When the period ended, only 1 student out of 27 had completed the task I assigned.  For the most part, this was because she was the only one who was working constantly.  While I found this infuriating, I realized later that it was because I was focusing on the students who weren't working rather than those who were.  Thinking back on it, the majority of the students were on task for most of the class.  My experience was skewed, as usual, by the few who were off task because they were significantly louder.

The kids who were working were having quiet conversation while they worked.  When I managed to get a few others back on task, I noticed how their volume dropped dramatically.  Their conversations didn't change much, but it was no longer possible to hear them from 2 area codes away.
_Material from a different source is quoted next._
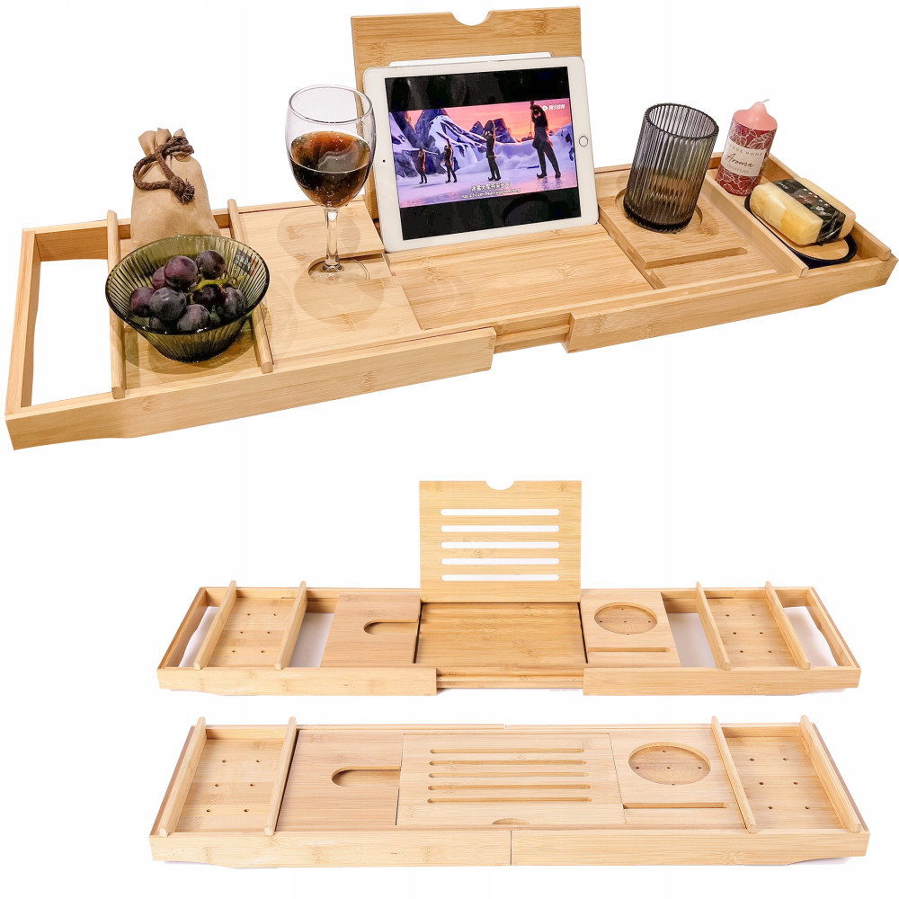 Elegancka i funkcjonalna półka na wannę z bambusa to doskonałe rozwiązanie, aby uczynić Twoje relaksacyjne chwile w wannie jeszcze bardziej wyjątkowymi. Półka łączy w sobie stylowy design z praktycznymi funkcjami, umożliwiając Ci cieszenie się kąpielą w pełni komfortu.

In 8th period, I moved between two groups of students and was incredibly pleased by their work.  They took the work seriously and I was able to get them to explain their reasoning very thoroughly.

I focus WAY too much on the negative.  I've talked about this before that when lessons go poorly, I blame myself.  When they go well, I attribute it to the kids.  Neither of these is fully accurate.

In addition, I have been doing a wild disservice to the majority of my students who DO what I ask of them by focusing my energy and frustration on those who don't.

I pulled two of my students aside today to tell them how much I appreciate them.  I need to do this more often and with more students.  My frustrations and focus on the few who are disruptive is modifying my attitude and making my classroom a place where students feel as though they are walking on eggshells.

I can't have that.

I can only control me.  I can do my best to provide an environment that is safe and educationally sound.  I can do what I can to encourage my students, but ultimately, the choice is up to them.

I can't give up trying to convince them, but neither can I sacrifice the rest of my students on the altar of perceived neglect.

At lunch, one of my students asked me:

"Mr. Aion, if you found out that someone was talking about you, what would you do?"

I explained to her how much trouble I had with bullies, minor and major in high school and middle school.  I told her that it took me years to realize that there was no way that I could beat them.  I told her about my favorite Twain quote.

It warmed my heart that she trusted me enough to be able to come to me with this concern.  I am doing good and I need to remind myself of that more often.